[WORK REQUIRED]: Give again, word for word, the lines below that run from the line with "(P. trifoliata,S2S31)花柱组织中的表达量显著高于DB02 (F." through the line with "梅(11画)本(5画) 亜(8画)紀(9画)子(3画)". Drop the pictures.
·····
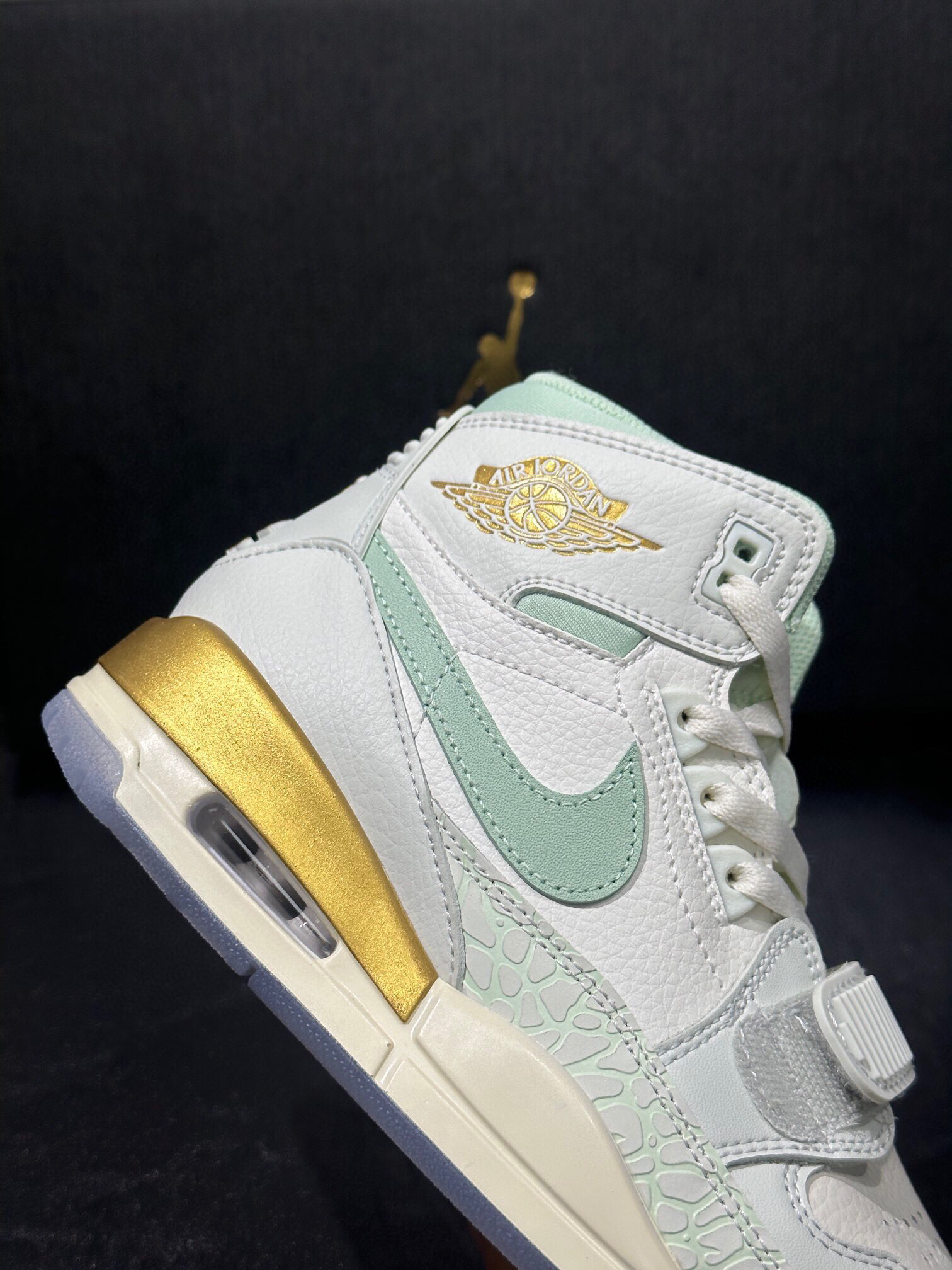 秋冬特惠💰440 Jordan Legacy 312 year of the tiger 虎年 减震 高帮复古篮球鞋 男款 薄荷绿 Air Jordan L egacy 312是Air Jordan品牌联合街头潮流设计师Don C共同打造,汇集Air Jordan 1、 AirJordan 3和1988年被乔丹短时间上脚过的Nike AirAipha Force Low三个经典鞋款的标志性细节,来诉说对家乡芝加哥的留恋,312也正是芝加哥的区号。Legacy 312融入了诸多经典元素鞋底、爆裂纹、后跟都颇具辨识度。鞋款本身拥有美式街头的粗犷同时细节精美又不失视觉层次感受颇具独特的潮流魅力。
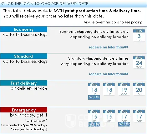 Since you post on February 2010, Overnight Prints has taken steps to simplify our shipping process and to make delivery times more visible to customers sooner on our website (each product page). Instead of selecting a printing type you actually chose the date you need your order but. We have also implemented a new Emergency shipping method. You can now buy your order today and get it tomorrow as long as your payment is received by 5pm PST.
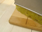 6.完全に冷めてカチっとしたら、型からラップごと取り出します。まな板の上で厚さ1.5〜2センチほどにカットしましょう。このままいただいても良いですが、頑張って仕上げをいたします。
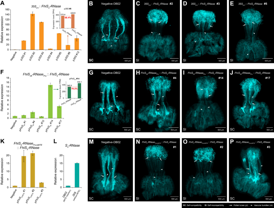 多年生木本植物开展活体基因功能验证耗时长,难度大,但为了确认FhiS2-RNase启动子中的MITE转座子插入是否导致其低水平表达,本研究构建了去除786 bpMITE插入的互补转基因株系(FhiS2-RNaseproΔMITE::FhiS2-RNase-DB02)。在获得的3个稳定开花的转基因株系中,2个株系FhiS2-RNase基因的相对表达量提高了约20倍,苯胺蓝染色结果显示,其花柱可以排斥自我花粉管的生长,表明与对照相比,SI表型已经得到恢复。此外,本研究还发现S2-RNase(PtrS2-RNase)在ZK8 (P. trifoliata,S2S31)花柱组织中的表达量显著高于DB02 (F. hindsii,FhiS2-RNase),其启动子与FhiS2-RNase相比缺少了786 bp的MITE转座子插入。这些结果表明,786 bp的MITE转座子插入抑制了FhiS2-RNase的表达,并导致了山金柑SI的丢失。
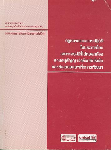 กฎหมายและแนวปฏิบัติในประเทศไทย เฉพาะกรณีที่ไม่สอดคล้องตามอนุสัญญาว่าด้วยสิทธิเด็กและข้อเสนอแนะเพื่อการพัฒนา
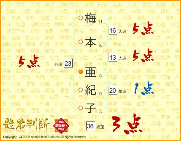 梅(11画)本(5画) 亜(8画)紀(9画)子(3画)
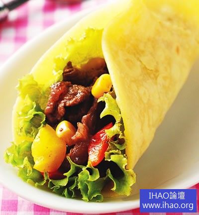 2.將玉米餅攤平,在中間放入適量作法2的內餡包捲起來即可。
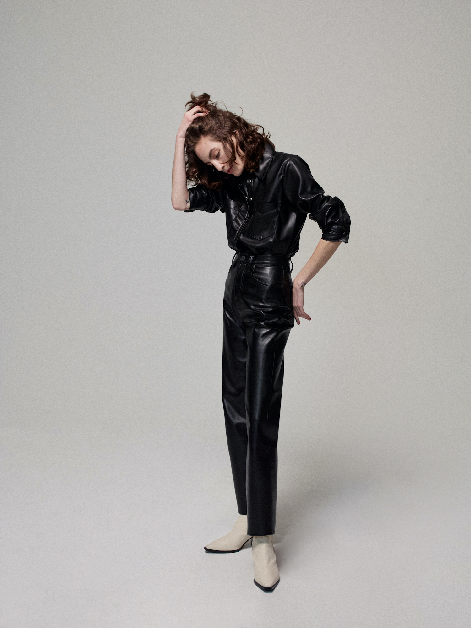 In diesem Herbst präsentiert Agolde erstmals eine neue Kategorie, die sich in Form von Kleidungsstücken aus recyceltem Leder zeigt. Das Besondere: Die Kollektionen werden aus kleinen Stücken und Abfällen, die in Gerbereien anfallen und zuweilen auf dem Müll gelandet wären, produziert. Dabei werden die Reste gesammelt und in einem Shredding-Prozess zu einer sogenannten „Leder-Wolle“ gefertigt. Aus dieser wird anschließend das finale Material gewonnen. Neben Lederhosen in Schwarz und Weiß lanciert Agolde ebenfalls passende Hemden — einen ersten Vorgeschmack bekommt ihr bereits durch das Lookbook:
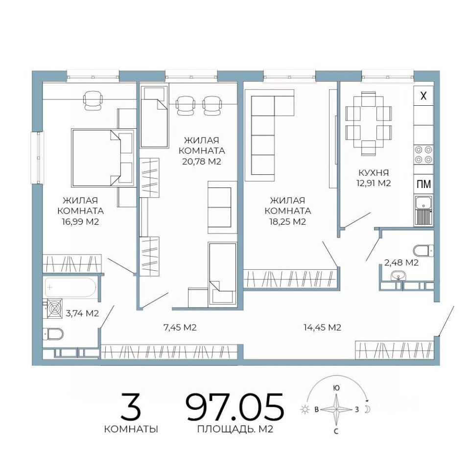 Продаётся 3-комнатная квартира в строящемся доме (дом 5), срок сдачи: III-кв. 2026, общей площадью 97.05 кв.м., на 13 этаже. Дизайнерская отделка.
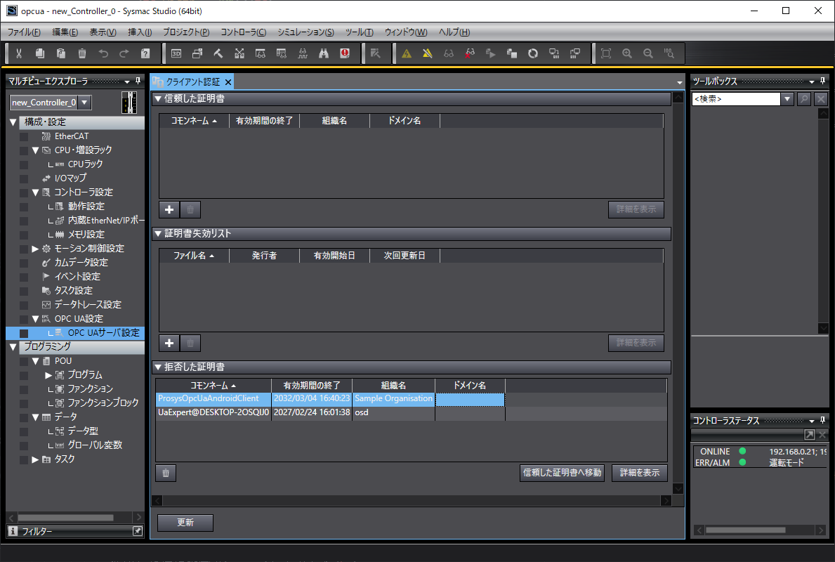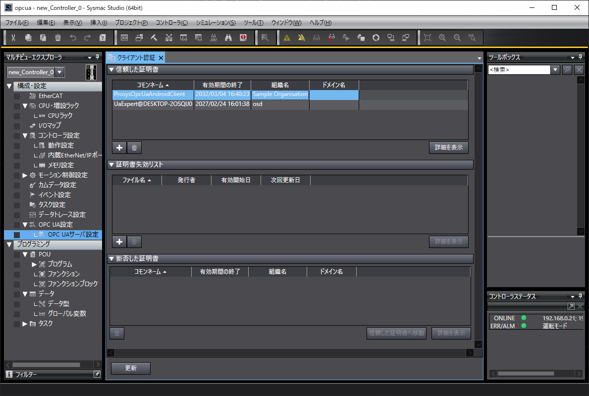 クライアント認証画面の下の拒否した証明書にUaExpertもしくはProsys OPC UA Clientが拒否された証明書として残っています
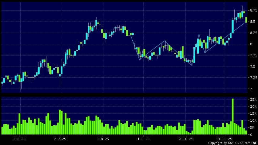 Disclaimer:The information, financial market data, quotes, charts, statistics and / or various technical analysis indicators are automatically generated based on the analyses and interpretations of publicly available information and should be used as references only at your own discretion. Such automatically generated content does not reflect the views or opinions of AASTOCKS.com Limited nor does AASTOCKS.com Limited make any guarantees to their accuracy, completeness, timeliness or correctness. You are advised to consult independent professional advice to verify pricing information or to obtain more detailed market information. Any uses of information or trades executed following the said automatically generated content are taken at your own risk for your own account.
·····
[FINISHED TASK]:
 多年生木本植物开展活体基因功能验证耗时长,难度大,但为了确认FhiS2-RNase启动子中的MITE转座子插入是否导致其低水平表达,本研究构建了去除786 bpMITE插入的互补转基因株系(FhiS2-RNaseproΔMITE::FhiS2-RNase-DB02)。在获得的3个稳定开花的转基因株系中,2个株系FhiS2-RNase基因的相对表达量提高了约20倍,苯胺蓝染色结果显示,其花柱可以排斥自我花粉管的生长,表明与对照相比,SI表型已经得到恢复。此外,本研究还发现S2-RNase(PtrS2-RNase)在ZK8 (P. trifoliata,S2S31)花柱组织中的表达量显著高于DB02 (F. hindsii,FhiS2-RNase),其启动子与FhiS2-RNase相比缺少了786 bp的MITE转座子插入。这些结果表明,786 bp的MITE转座子插入抑制了FhiS2-RNase的表达,并导致了山金柑SI的丢失。
 กฎหมายและแนวปฏิบัติในประเทศไทย เฉพาะกรณีที่ไม่สอดคล้องตามอนุสัญญาว่าด้วยสิทธิเด็กและข้อเสนอแนะเพื่อการพัฒนา
 梅(11画)本(5画) 亜(8画)紀(9画)子(3画)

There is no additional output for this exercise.